Entries taken from a collection:
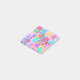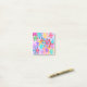 Este bloco de notas de Posto tem um design retroativo dos anos 70 de flores sobrepostas em vermelho, azul, roxo, amarelo, laranja e vermelho.
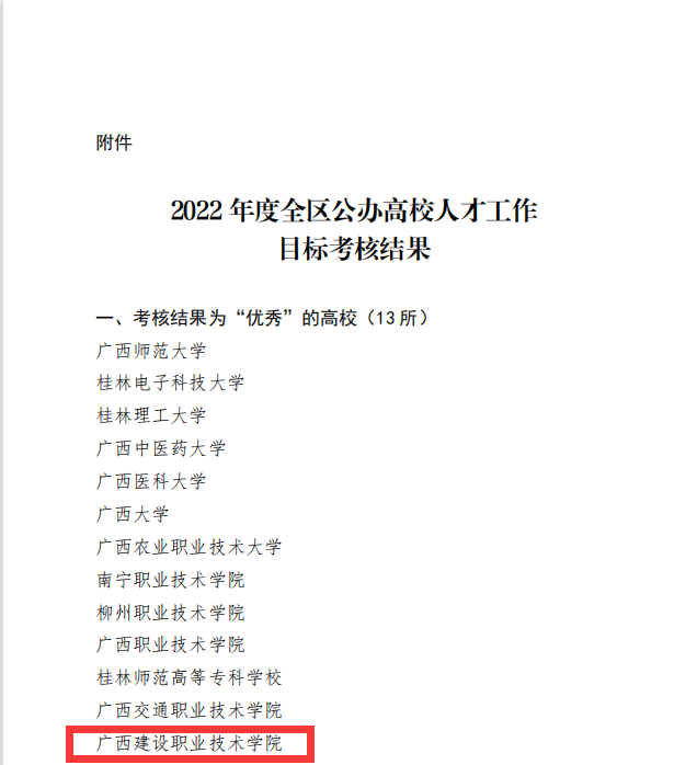 广西建院3月8日讯(人事处 唐艳乾) 近日,自治区党委教育工委、自治区教育厅印发《关于公布2022年度高校人才目标考核结果的通知》(桂教工委〔2023〕1号),sports在2022年度全区高校人才工作目标考核中再次取得“优秀...
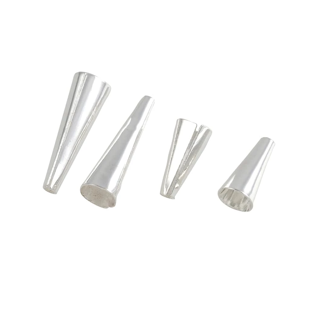 Use these silver bead cones featuring a smooth finish from Bead Landing to make customized necklaces, bracelets, earrings and much more. Team them with colorful beads to craft jewelry that complements your favorite outfits perfectly. The bead cones are ideal for covering crimped or glued ends or knots.
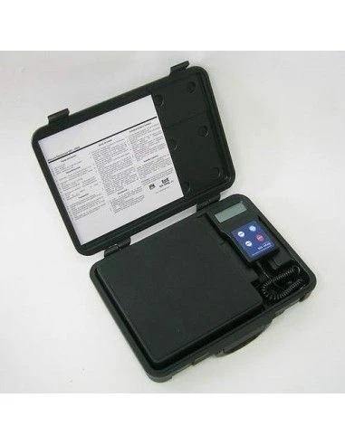 Báscula de carga/recuperación de refrigerante de alta capacidad (100 Kg), calibrada según los estándares estrictos. Tiene una plataforma adjunta extraíble de metal que permite su utilización tanto dentro como fuera de la funda protectora. Amplia pantalla LCD, con gran visibilidad, resolución de 22,5 x 68 mm. Escala de medidas Imperial o Métrica, en incrementos de 0,25 oz/10 g. Medidor portátil ergonómico con cable bobinado. Protección de sobrecarga completamente mecanizada y visual
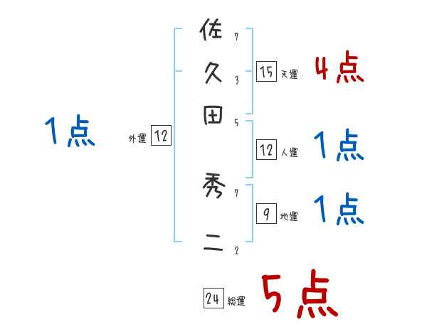 | 天運  | 佐久田秀二さんの天運は15画の4つ星!人徳があり出世する。順調に物事を進め円満な人生。家系が持つ宿命的な運勢を表します。祖先から受け継いだ苗字ですので自分の力が及びません。家柄を象徴します。 |
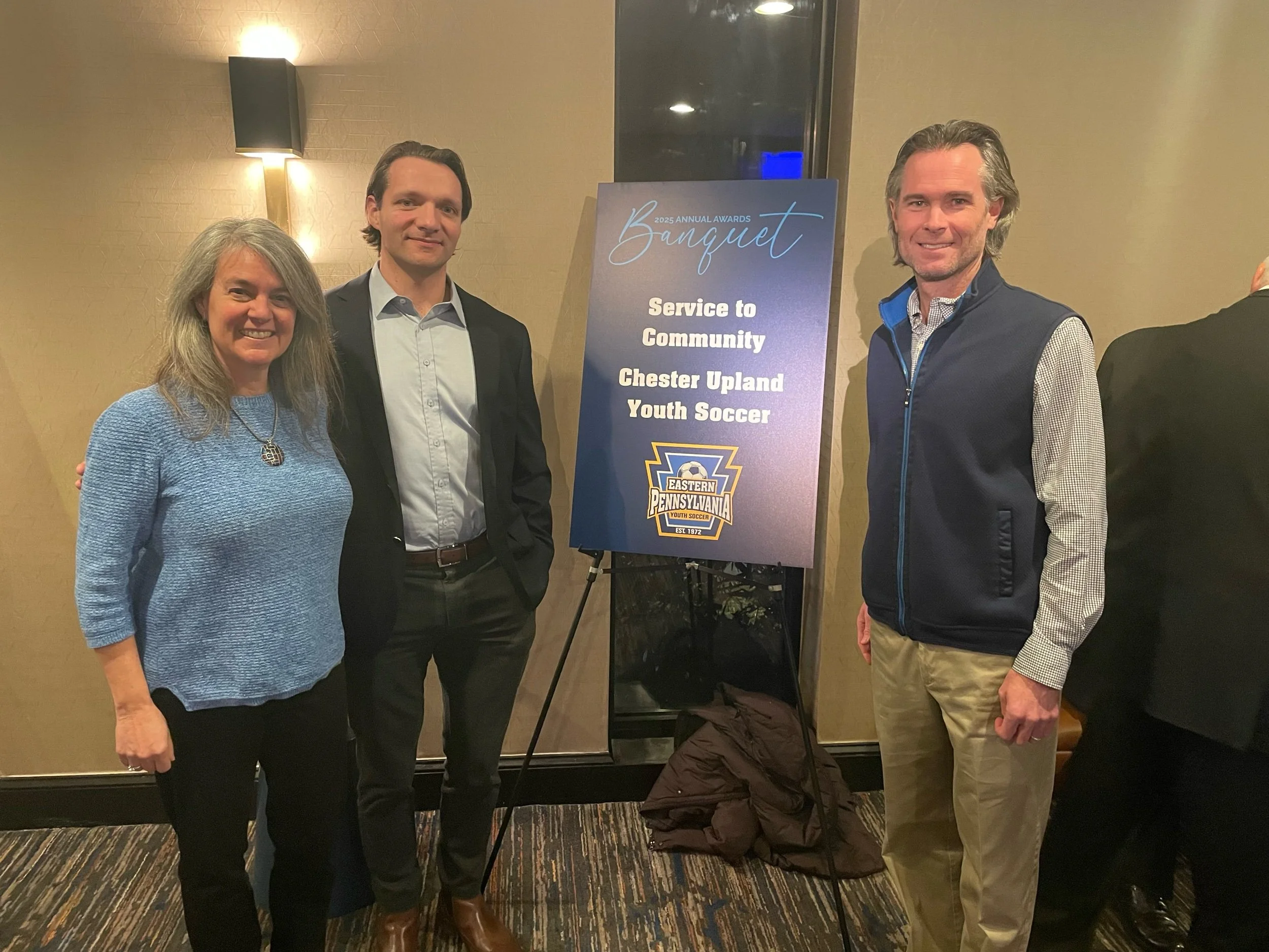Jeannine Anckaitis (L) and Brent Jacquette (R), pictured with Board Member Erich Yost prior to accepting a community service award from Eastern PA Youth Soccer in February 2025.
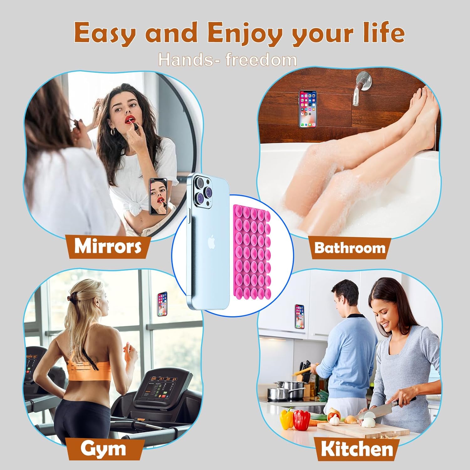 - 【Loved by Young People】You can easily stick your phone to the wall in the gym, locker room, kitchen, dance studio, garage, etc., freeing your hands to do what you like. For example, chatting while doing makeup, watching videos while cooking and washing dishes, watching timers while exercising, etc.

## Assigned task
Return every entry exactly, dropping the pictures.

## Task response
 Este bloco de notas de Posto tem um design retroativo dos anos 70 de flores sobrepostas em vermelho, azul, roxo, amarelo, laranja e vermelho.
 广西建院3月8日讯(人事处 唐艳乾) 近日,自治区党委教育工委、自治区教育厅印发《关于公布2022年度高校人才目标考核结果的通知》(桂教工委〔2023〕1号),sports在2022年度全区高校人才工作目标考核中再次取得“优秀...
 Use these silver bead cones featuring a smooth finish from Bead Landing to make customized necklaces, bracelets, earrings and much more. Team them with colorful beads to craft jewelry that complements your favorite outfits perfectly. The bead cones are ideal for covering crimped or glued ends or knots.
 Báscula de carga/recuperación de refrigerante de alta capacidad (100 Kg), calibrada según los estándares estrictos. Tiene una plataforma adjunta extraíble de metal que permite su utilización tanto dentro como fuera de la funda protectora. Amplia pantalla LCD, con gran visibilidad, resolución de 22,5 x 68 mm. Escala de medidas Imperial o Métrica, en incrementos de 0,25 oz/10 g. Medidor portátil ergonómico con cable bobinado. Protección de sobrecarga completamente mecanizada y visual
 | 天運  | 佐久田秀二さんの天運は15画の4つ星!人徳があり出世する。順調に物事を進め円満な人生。家系が持つ宿命的な運勢を表します。祖先から受け継いだ苗字ですので自分の力が及びません。家柄を象徴します。 |
Jeannine Anckaitis (L) and Brent Jacquette (R), pictured with Board Member Erich Yost prior to accepting a community service award from Eastern PA Youth Soccer in February 2025.
 - 【Loved by Young People】You can easily stick your phone to the wall in the gym, locker room, kitchen, dance studio, garage, etc., freeing your hands to do what you like. For example, chatting while doing makeup, watching videos while cooking and washing dishes, watching timers while exercising, etc.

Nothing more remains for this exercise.